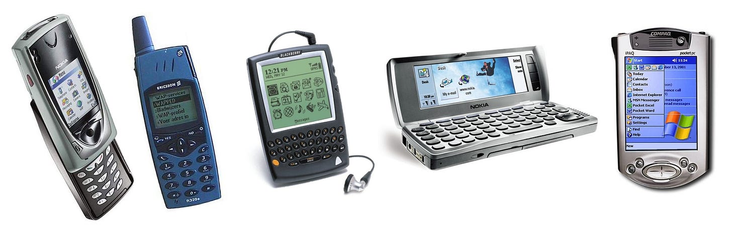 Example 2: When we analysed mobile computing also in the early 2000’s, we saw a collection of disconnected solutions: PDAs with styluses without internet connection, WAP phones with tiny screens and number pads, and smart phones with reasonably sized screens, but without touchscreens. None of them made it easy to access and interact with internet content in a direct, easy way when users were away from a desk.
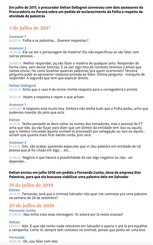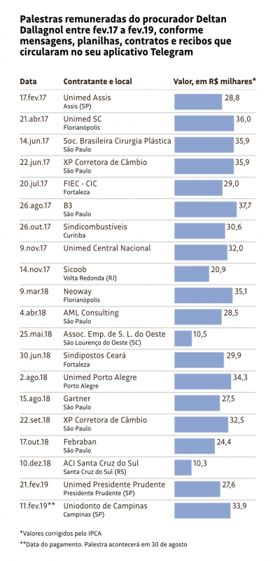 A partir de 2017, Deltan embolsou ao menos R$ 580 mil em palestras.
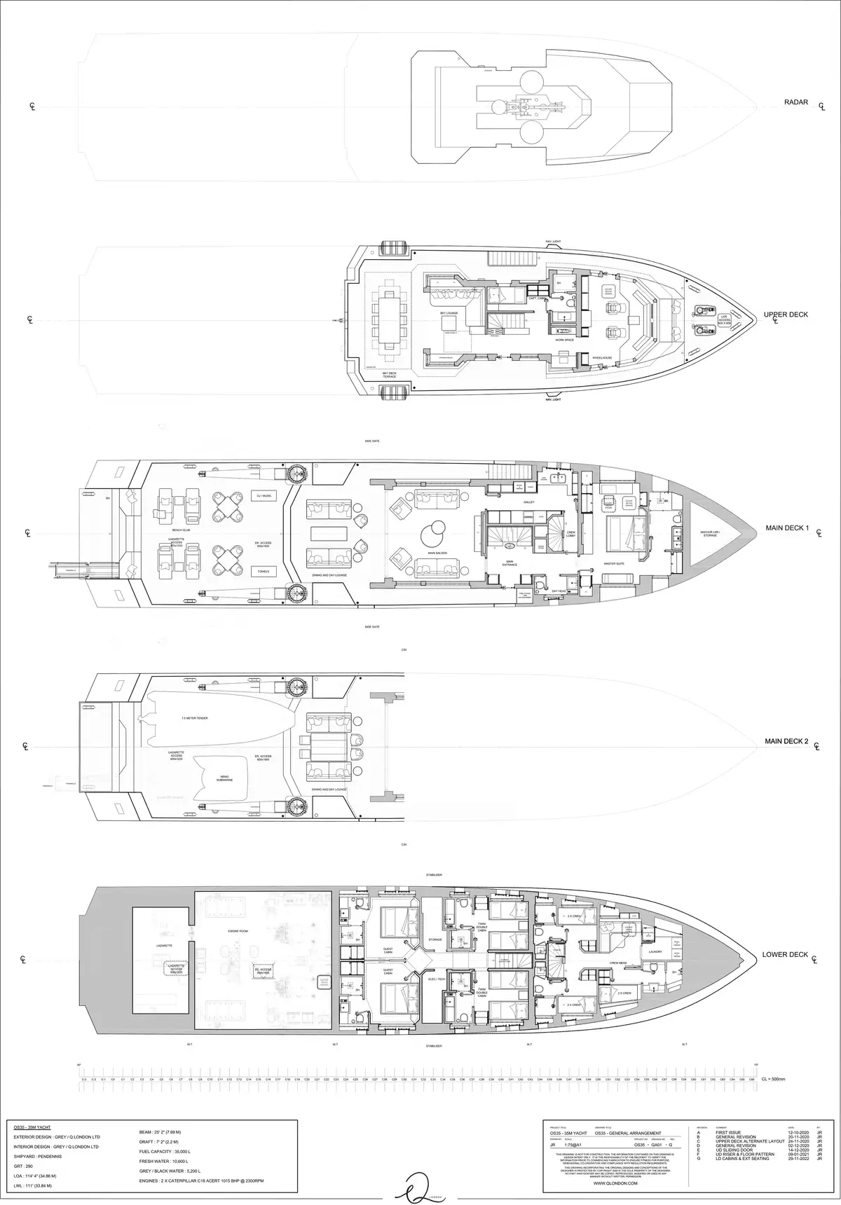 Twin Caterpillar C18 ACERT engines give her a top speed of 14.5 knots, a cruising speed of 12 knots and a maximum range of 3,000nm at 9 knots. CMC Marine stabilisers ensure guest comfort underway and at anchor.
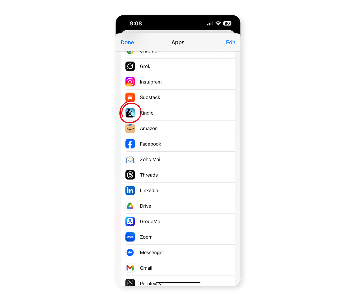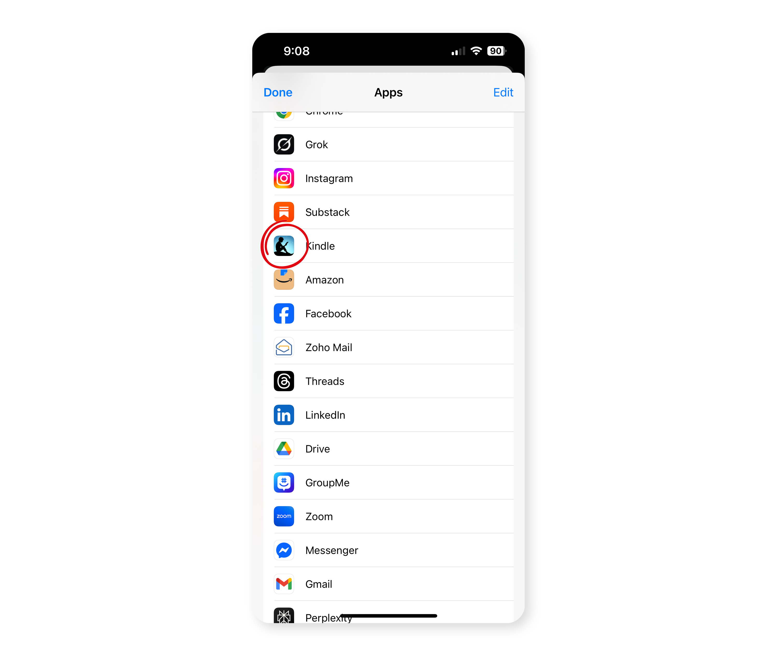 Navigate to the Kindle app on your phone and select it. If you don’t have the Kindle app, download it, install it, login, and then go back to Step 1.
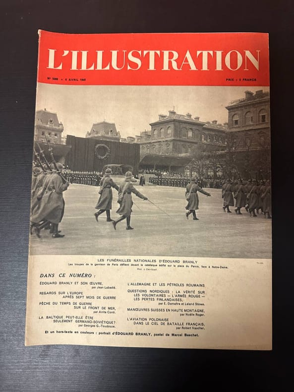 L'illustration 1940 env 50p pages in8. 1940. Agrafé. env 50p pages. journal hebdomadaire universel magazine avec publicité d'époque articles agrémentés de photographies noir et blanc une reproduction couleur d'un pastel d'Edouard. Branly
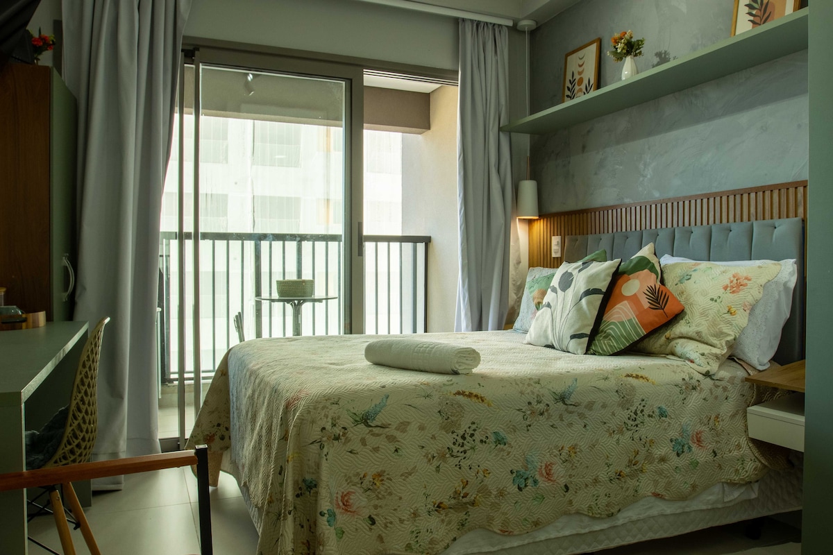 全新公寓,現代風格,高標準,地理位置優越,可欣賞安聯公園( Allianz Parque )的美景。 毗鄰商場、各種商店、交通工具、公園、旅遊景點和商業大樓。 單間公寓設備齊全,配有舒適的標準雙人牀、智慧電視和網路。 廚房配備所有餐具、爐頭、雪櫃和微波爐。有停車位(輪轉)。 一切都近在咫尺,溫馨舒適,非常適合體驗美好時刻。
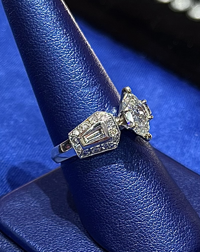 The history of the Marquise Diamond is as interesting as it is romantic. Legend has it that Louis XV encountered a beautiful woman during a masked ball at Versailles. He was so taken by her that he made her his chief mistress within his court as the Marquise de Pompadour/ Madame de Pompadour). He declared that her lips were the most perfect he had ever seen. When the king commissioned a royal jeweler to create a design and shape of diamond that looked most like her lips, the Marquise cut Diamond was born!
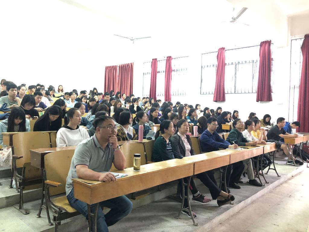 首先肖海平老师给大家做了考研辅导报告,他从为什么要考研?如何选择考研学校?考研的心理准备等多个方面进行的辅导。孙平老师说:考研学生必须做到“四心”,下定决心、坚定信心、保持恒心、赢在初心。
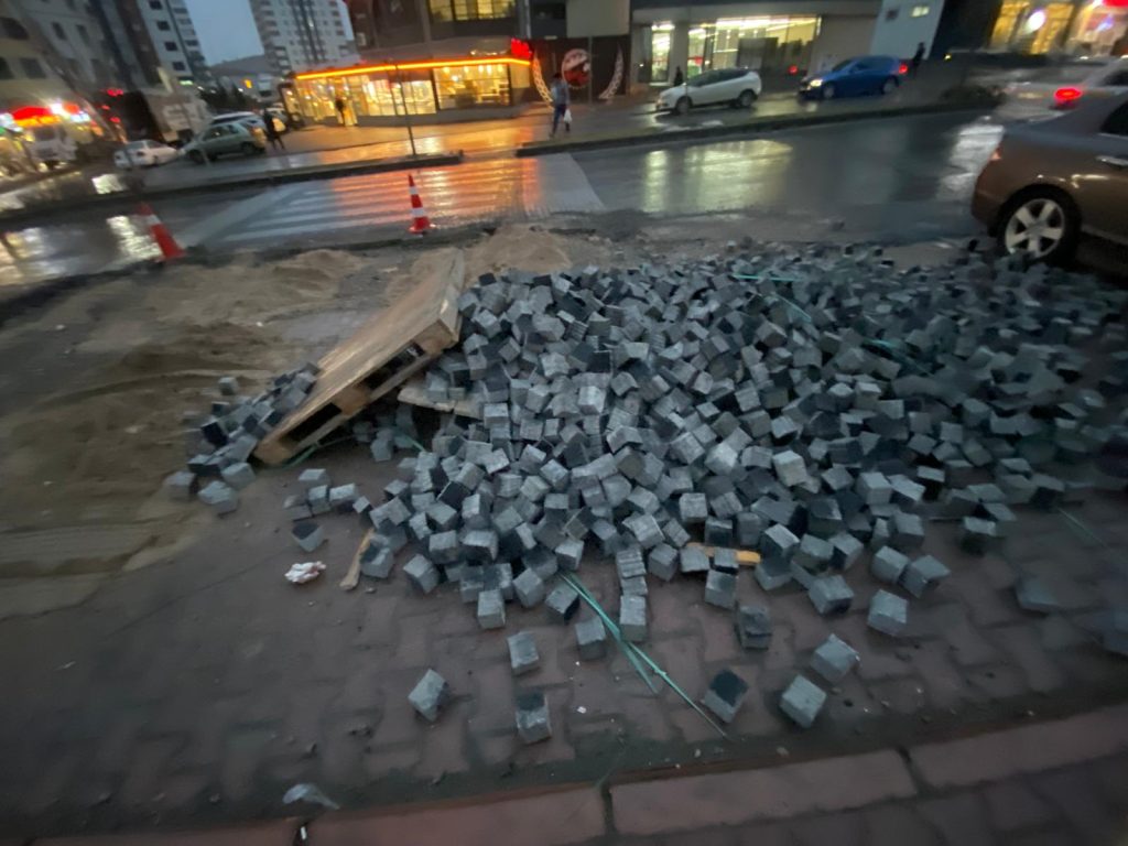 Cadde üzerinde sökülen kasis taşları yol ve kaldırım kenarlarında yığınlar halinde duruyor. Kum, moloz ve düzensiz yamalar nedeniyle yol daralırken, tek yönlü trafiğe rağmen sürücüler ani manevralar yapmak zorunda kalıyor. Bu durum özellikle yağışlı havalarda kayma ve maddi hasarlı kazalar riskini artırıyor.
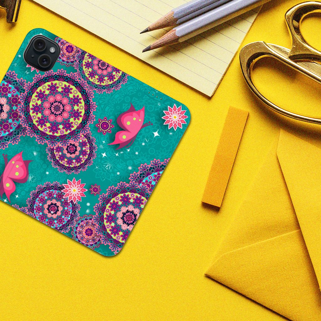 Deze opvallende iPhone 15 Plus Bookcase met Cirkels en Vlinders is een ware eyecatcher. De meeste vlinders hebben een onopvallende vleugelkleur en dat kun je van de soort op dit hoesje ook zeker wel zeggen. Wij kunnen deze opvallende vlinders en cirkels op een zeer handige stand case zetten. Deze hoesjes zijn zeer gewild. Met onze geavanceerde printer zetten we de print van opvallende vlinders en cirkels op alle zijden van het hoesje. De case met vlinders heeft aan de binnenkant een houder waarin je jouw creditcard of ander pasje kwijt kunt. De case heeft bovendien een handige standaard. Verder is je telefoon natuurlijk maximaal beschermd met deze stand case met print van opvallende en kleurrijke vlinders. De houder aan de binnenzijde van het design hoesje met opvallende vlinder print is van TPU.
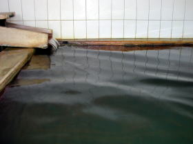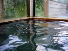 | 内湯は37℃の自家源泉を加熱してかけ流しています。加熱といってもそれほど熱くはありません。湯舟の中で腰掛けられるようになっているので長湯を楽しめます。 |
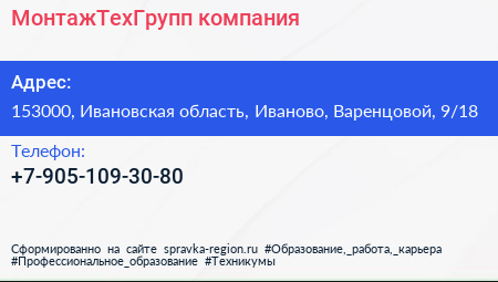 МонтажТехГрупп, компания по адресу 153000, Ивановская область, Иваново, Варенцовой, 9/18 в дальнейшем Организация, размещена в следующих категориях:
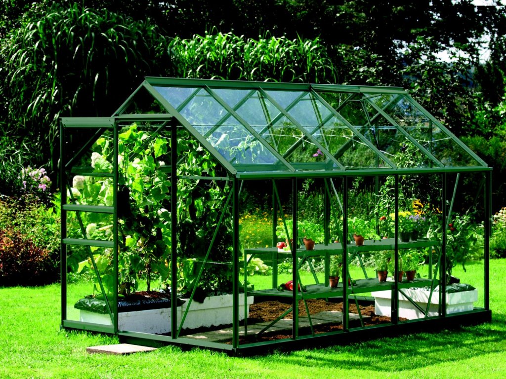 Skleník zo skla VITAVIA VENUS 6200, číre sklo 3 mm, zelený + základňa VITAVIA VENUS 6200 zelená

+++

● **AIM OF THE EXERCISE**
None of the pictures should be kept; reproduce all the remaining material exactly.

● **SOLVED PROBLEM**
 Example 2: When we analysed mobile computing also in the early 2000’s, we saw a collection of disconnected solutions: PDAs with styluses without internet connection, WAP phones with tiny screens and number pads, and smart phones with reasonably sized screens, but without touchscreens. None of them made it easy to access and interact with internet content in a direct, easy way when users were away from a desk.
 A partir de 2017, Deltan embolsou ao menos R$ 580 mil em palestras.
 Twin Caterpillar C18 ACERT engines give her a top speed of 14.5 knots, a cruising speed of 12 knots and a maximum range of 3,000nm at 9 knots. CMC Marine stabilisers ensure guest comfort underway and at anchor.
 Navigate to the Kindle app on your phone and select it. If you don’t have the Kindle app, download it, install it, login, and then go back to Step 1.
 L'illustration 1940 env 50p pages in8. 1940. Agrafé. env 50p pages. journal hebdomadaire universel magazine avec publicité d'époque articles agrémentés de photographies noir et blanc une reproduction couleur d'un pastel d'Edouard. Branly
 全新公寓,現代風格,高標準,地理位置優越,可欣賞安聯公園( Allianz Parque )的美景。 毗鄰商場、各種商店、交通工具、公園、旅遊景點和商業大樓。 單間公寓設備齊全,配有舒適的標準雙人牀、智慧電視和網路。 廚房配備所有餐具、爐頭、雪櫃和微波爐。有停車位(輪轉)。 一切都近在咫尺,溫馨舒適,非常適合體驗美好時刻。
 The history of the Marquise Diamond is as interesting as it is romantic. Legend has it that Louis XV encountered a beautiful woman during a masked ball at Versailles. He was so taken by her that he made her his chief mistress within his court as the Marquise de Pompadour/ Madame de Pompadour). He declared that her lips were the most perfect he had ever seen. When the king commissioned a royal jeweler to create a design and shape of diamond that looked most like her lips, the Marquise cut Diamond was born!
 首先肖海平老师给大家做了考研辅导报告,他从为什么要考研?如何选择考研学校?考研的心理准备等多个方面进行的辅导。孙平老师说:考研学生必须做到“四心”,下定决心、坚定信心、保持恒心、赢在初心。
 Cadde üzerinde sökülen kasis taşları yol ve kaldırım kenarlarında yığınlar halinde duruyor. Kum, moloz ve düzensiz yamalar nedeniyle yol daralırken, tek yönlü trafiğe rağmen sürücüler ani manevralar yapmak zorunda kalıyor. Bu durum özellikle yağışlı havalarda kayma ve maddi hasarlı kazalar riskini artırıyor.
 Deze opvallende iPhone 15 Plus Bookcase met Cirkels en Vlinders is een ware eyecatcher. De meeste vlinders hebben een onopvallende vleugelkleur en dat kun je van de soort op dit hoesje ook zeker wel zeggen. Wij kunnen deze opvallende vlinders en cirkels op een zeer handige stand case zetten. Deze hoesjes zijn zeer gewild. Met onze geavanceerde printer zetten we de print van opvallende vlinders en cirkels op alle zijden van het hoesje. De case met vlinders heeft aan de binnenkant een houder waarin je jouw creditcard of ander pasje kwijt kunt. De case heeft bovendien een handige standaard. Verder is je telefoon natuurlijk maximaal beschermd met deze stand case met print van opvallende en kleurrijke vlinders. De houder aan de binnenzijde van het design hoesje met opvallende vlinder print is van TPU.
 | 内湯は37℃の自家源泉を加熱してかけ流しています。加熱といってもそれほど熱くはありません。湯舟の中で腰掛けられるようになっているので長湯を楽しめます。 |
 МонтажТехГрупп, компания по адресу 153000, Ивановская область, Иваново, Варенцовой, 9/18 в дальнейшем Организация, размещена в следующих категориях:
 Skleník zo skla VITAVIA VENUS 6200, číre sklo 3 mm, zelený + základňa VITAVIA VENUS 6200 zelená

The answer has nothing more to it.